The incorporation of HDCCP or DCCP lowered the L^* and b^* values while growing the a^* value of cookies. The Maillard reaction between the amine groups of protein and the carbonyl groups of carbohydrates raised the darkness and redness of cookies after baking [7]. At the identical replacement ratio, DCCP-incorporated cookies showed a higher L^* and a lower ΔE value than HDCCP-incorporated cookies. The darker surface of cookies can be attributed to facilitating Maillard reactions, which result from an increment in the amount of reduced sugar after cellulase treatment [7].

3.3.4. The Influence of the Partial Replacement of Wheat Flour on the Sensory Evaluation of Cookies

Figure 6 expresses the influence of HDCCP or DCCP incorporation on the overall acceptability of cookies.

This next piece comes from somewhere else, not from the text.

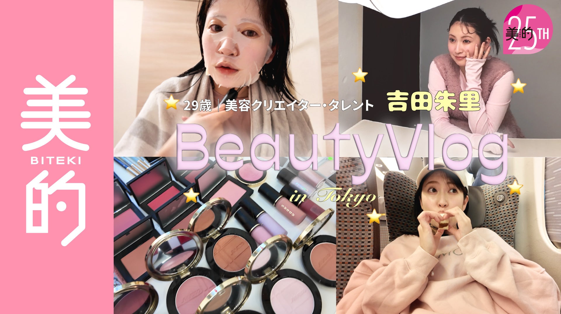 ●「【吉田朱里×美的 Vlog】撮影前日のナイトルーティン&『美的』撮影の裏側に密着!スペシャルケアから最新ポーチの中身を一挙公開」

The overall acceptability of cookies decreased with the increasing amount of incorporated DCCP or HDCCP. These values can have a relationship with high hardness and the darkness of the cookie’s appearance [42].

4. Conclusions

The enzymatic hydrolysis process was demonstrated to reduce the RIS of DCCP, owing to a decrease in IDF content and an increase in SDF content. The optimal conditions for the cellulase treatment were discovered at 10.3 g buffer/g of materials, 3.7 U/g of the materials, and 60 min of retention time by using the CCD model. The high values of determination coefficients (R² > 0.97) confirmed the fit of predicted models, and the differences between the forecast and experimental values were not substantial. Cookies made with HDCCP expressed lower RIS, SDF content, and changes in physical properties (color, diameter, thickness, spread factor, and hardness) compared to those with DCCP. Based on the result of sensory evaluation, a 10% HDCCP replacement ratio for fiber-enriched products was the most suitable as it was equal to the conventional product. This study provides a green method for reducing RIS through partially converting IDF into SDF and valorizing the by-product into fiber-enriched cookies.